Introduction: Professional societies, like many other organizations around the world, have recognized the need to use more rigorous processes to ensure that healthcare recommendations are informed by the best available research evidence. This is the 11th of a series of 14 articles that methodologists and researchers from around the world prepared to advise guideline developers for respiratory and other diseases on how to achieve this goal. For this article, we developed five key questions and updated a review of the literature on moving from evidence to recommendations.

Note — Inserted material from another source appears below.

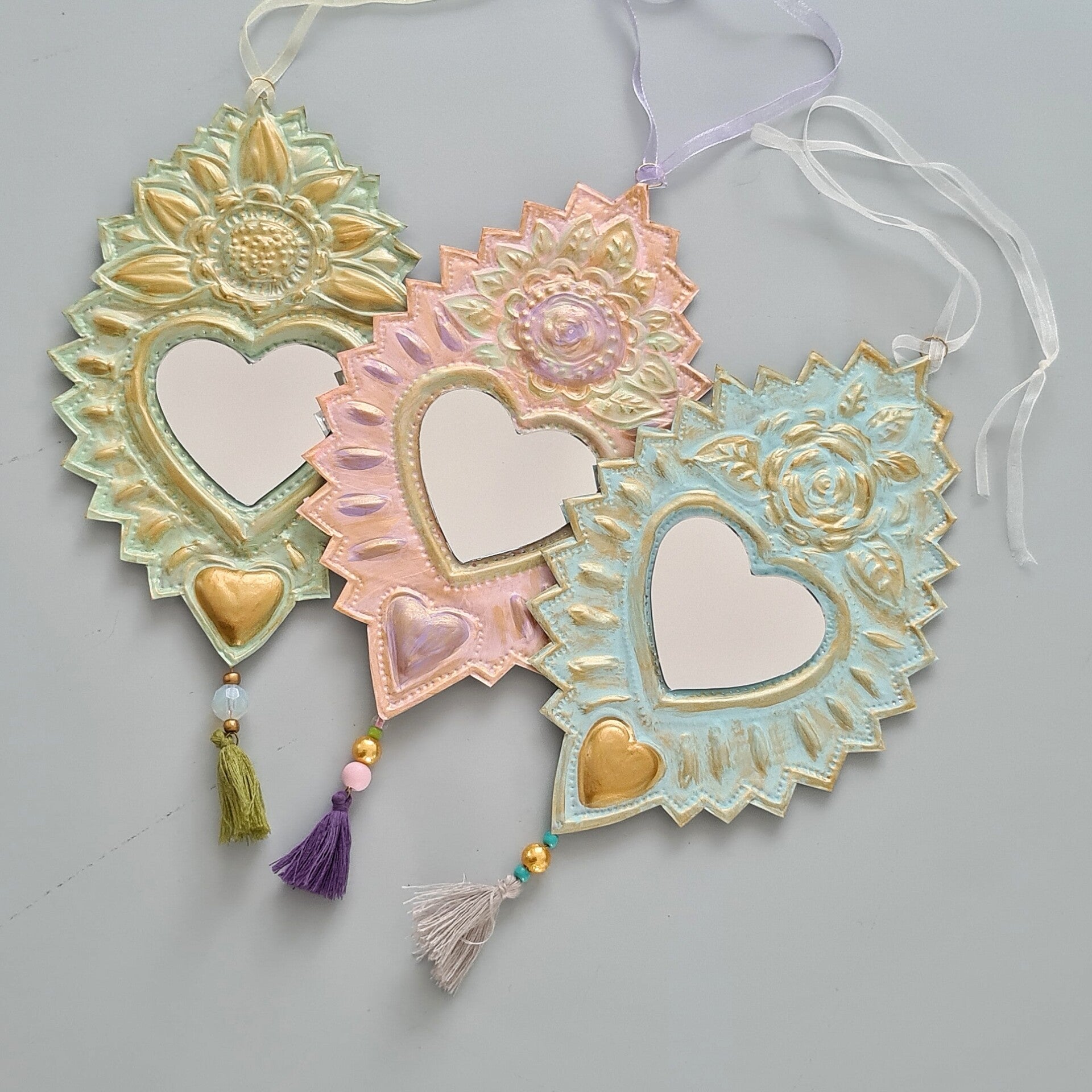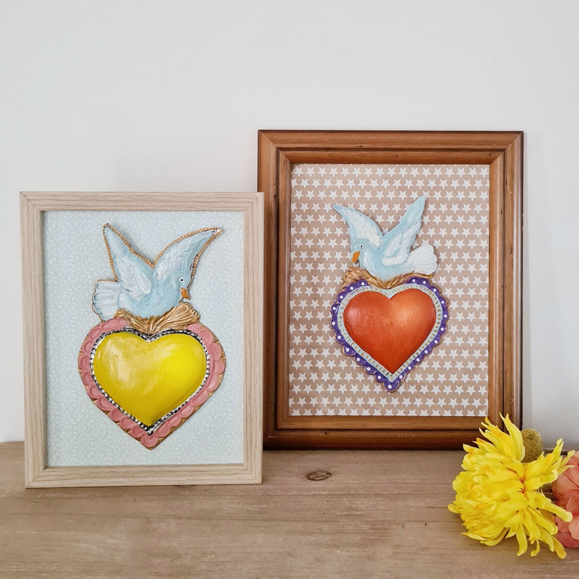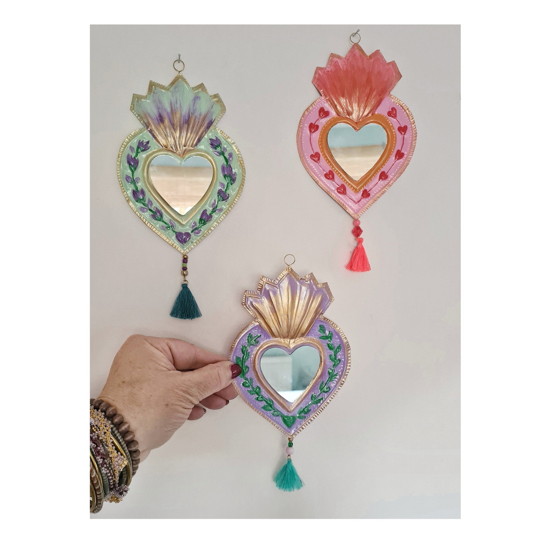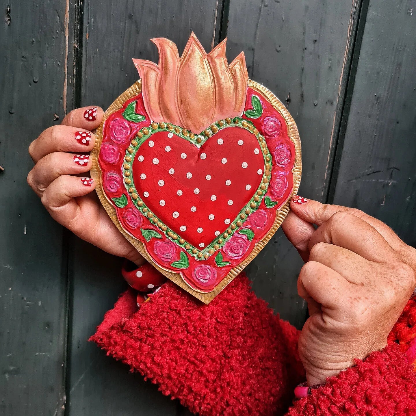 Deze van oorsprong Mexicaanse Harten worden al decennia gemaakt als onderdeel van hun volkskunst. Vaak rijkelijk gedecoreerd en meestal met transparante verf beschilderd.
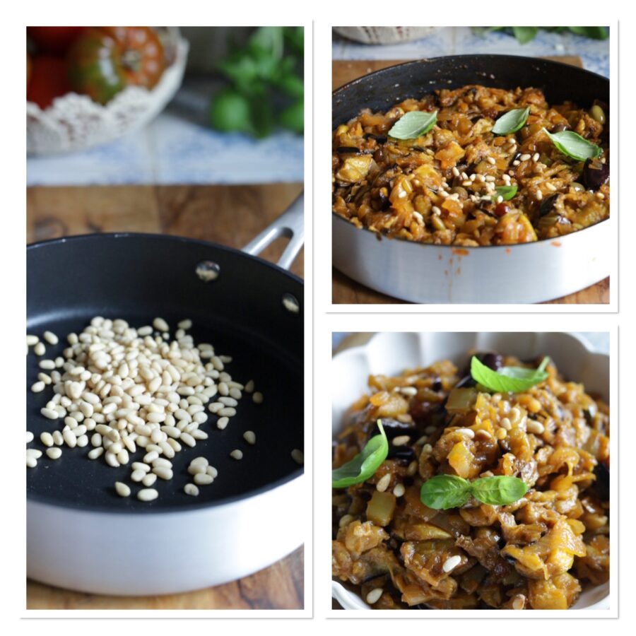Faites légèrement griller les pignons dans une poêle, sans les brûler, afin qu’ils deviennent plus aromatiques. Ajoutez-les à la caponata, faites revenir le tout 5 minutes à feu vif (vous pouvez ajouter un peu d’eau si le mélange vous semble trop sec) et la caponata est prête.

Methods: We addressed the following specific questions.What is the strength of a recommendation and what determines the strength? What are the implications of strong and weak recommendations for patients, clinicians, and policy makers? Should guideline panels make recommendations in the face of very low-quality evidence? Under which circumstances should guideline panels make research recommendations? How should recommendations be formulated and presented? We searched PubMed and other databases of methodological studies for existing systematic reviews and relevant methodological research. We did not conduct systematic reviews ourselves. Our conclusions are based on available evidence, consideration of what guideline developers are doing, and pre- and postworkshop discussions.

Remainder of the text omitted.